Beyond specs, every cylinder we ship comes with practical confidence—knowing where the gas was produced, how it was handled, and who oversaw the process. In our plant, each batch is finished by a technician who understands how a careless connection or brief lapse can translate to thousands of dollars lost in a customer clean room. Our EL Grade has earned its place as a stable backbone in etching and cleaning stages, because each improvement reflects years of troubleshooting, error tracking, and joint learning with the industry.
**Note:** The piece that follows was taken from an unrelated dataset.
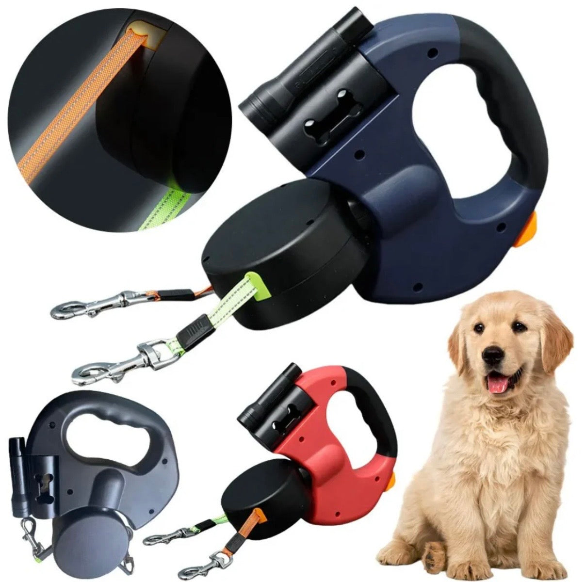 Robust, leicht und praktisch: Das 360°-Drehgelenk verhindert zuverlässig ein Verheddern der Leinen. Die integrierte LED-Taschenlampe sorgt für Sicherheit bei Dunkelheit. Geeignet für kleine bis große Hunde, mit komfortablem, rutschfestem Griff.

Future chip nodes and gadget miniaturization drive us to push impurity levels ever lower. Seeing what today’s fabs can achieve with trustworthy gases keeps our technicians focused on removing every performance bottleneck, measured in parts per billion. Investments in gas chromatography, online analytics, and smart logistics aren’t just to follow standards, but to jump ahead of them—because the cost of scrap, downtime, or edge-case defects keeps going up.
Recent advances in process metrology mean we can track even short-lived molecular species, and use those insights to prevent surprises. Our teams use predictive analytics to anticipate when a minor process anomaly may cause an impurity breakthrough. By combining hands-on expertise from operators with data science tools, we keep refining our process. This keeps feedback loops tight across manufacturing, shipping, and installation, so each customer benefits from both our technical investments and field lessons.
With Hexafluoroethane Electronic/EL Grade, decades of specialized experience have shaped a product that stands up to the most demanding microfabrication challenges. Cleaner plasma, better tool longevity, and fewer production interruptions follow when purity never takes a back seat. By manufacturing at the source, staying accountable for every batch, and constantly listening to what works and what doesn’t inside fabs, we keep raising the bar for what C₂F₆ can deliver.